En septembre dernier, elle a même pu partir en vacances avec son mari pour la première fois depuis des années. « Quelque part en Grèce, dans notre endroit préféré, là où on avait l’habitude d’aller chaque année, rapporte Tim. Oui, c’était un sacré pas en avant ».
Un autre changement est également survenu : l’envie de boire a disparu. Amanda est abstinente depuis avril 2022 – sa plus longue période sans alcool depuis 20 ans. Granata lui a prescrit un spray nasal à la kétamine pour l’aider à lutter contre les envies de boire qui se manifestent encore parfois, surtout lorsque des bouleversements interviennent dans sa vie. Par exemple, cette histoire de vacances a été difficile. Mais jusqu’à présent, elle a réussi à ne pas céder.
« Je ne suis pas retournée au fond de ce trou. Enfin, brièvement, mais ce n’était pas encore vraiment le fond », a déclaré Amanda.

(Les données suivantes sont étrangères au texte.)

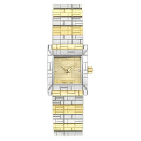 Silver-tone stainless steel case with a two-tone (silver-tone and gold-tone) stainless steel bracelet. Fixed two-tone (silver-tone and gold-tone) stainless steel bezel. Gold-tone dial with gold-tone hands and diamond hour markers. Dial Type: Analog. Quartz movement. Scratch resistant sapphire crystal. Pull / push crown. Solid case back. Rectangle case shape, case size: 22 mm. Deployment with push button release clasp. Water resistant at 30 meters / 100 feet. Functions: hour, minute. Mosaic Series. Dress watch style. Watch label: Swiss Made. Versace Mosaic Quartz Diamond Gold Dial Ladies Watch VE9B00424. GENERAL Box Type: Original Box Brand Type: Designer CASE Case Material: Stainless Steel Case Shape: Rectangle Case Back: Solid BAND Band Material: Stainless Steel Band Type: Bracelet Band Color: Two-tone (Silver-tone and Gold-tone) Clasp: Deployment with Push Button Release DIAL Dial Color: Gold-tone Type: Analog Crystal: Scratch Resistant Sapphire Hands: Gold-tone Dial Markers: Diamond Bezel: Fixed Bezel Color: Two-tone (Silver-tone and Gold-tone) Bezel Material: Stainless Steel Crown: Pull / Push INFORMATION Brand: Versace Series: Mosaic Collection Name: Mosaic Gender: Womens Model: VE9B00424 Watch Label: Swiss Made Movement: Quartz FEATURES Water Resistance: 30 meters / 100 feet Functions: Hour, Minute Watch Features: Analog, Gold, Stainless Steel, Diamond ADDITIONAL INFO Watch Style: Dress Warranty: 2 Year Jomashop Warranty Jomashop Sku: VER-VE9B00424 Department: Watches

Quatre mois après le traitement initial, son humeur a de nouveau chuté, si bien que le Dr Granata a décidé de lui donner un coup de pouce en commençant la nouvelle série de thérapies en septembre 2022. Amanda s’est également mise en quête d’un thérapeute qui s’y connaît en traumatismes, avec pour ambition d’explorer la thérapie par la parole pendant qu’elle est sous substances.
Granata avoue être très impressionnée par ses progrès, surtout si l’on tient compte de ses antécédents en matière d’interventions psychiatriques et de traitements médicamenteux. « L’utilisation de cette substance quatre à six fois a permis de réaliser ce que les autres thérapies n’ont pas réussi à faire pendant des années, a-t-elle déclaré. C’est ce qui fait la particularité de ces drogues : leur rapidité d’action et la durée de leur effet. »
En attendant, Tim garde espoir. « Je suis un optimiste né », dit-il. Même si la situation est encore difficile, il a constaté une nette amélioration de l’humeur d’Amanda, dans sa capacité à faire des choses, à honorer ses rendez-vous et à être présente pour sa famille. Quel que soit le résultat final du traitement, ce type de thérapie reste à ses yeux bien meilleur que les méthodes traditionnelles.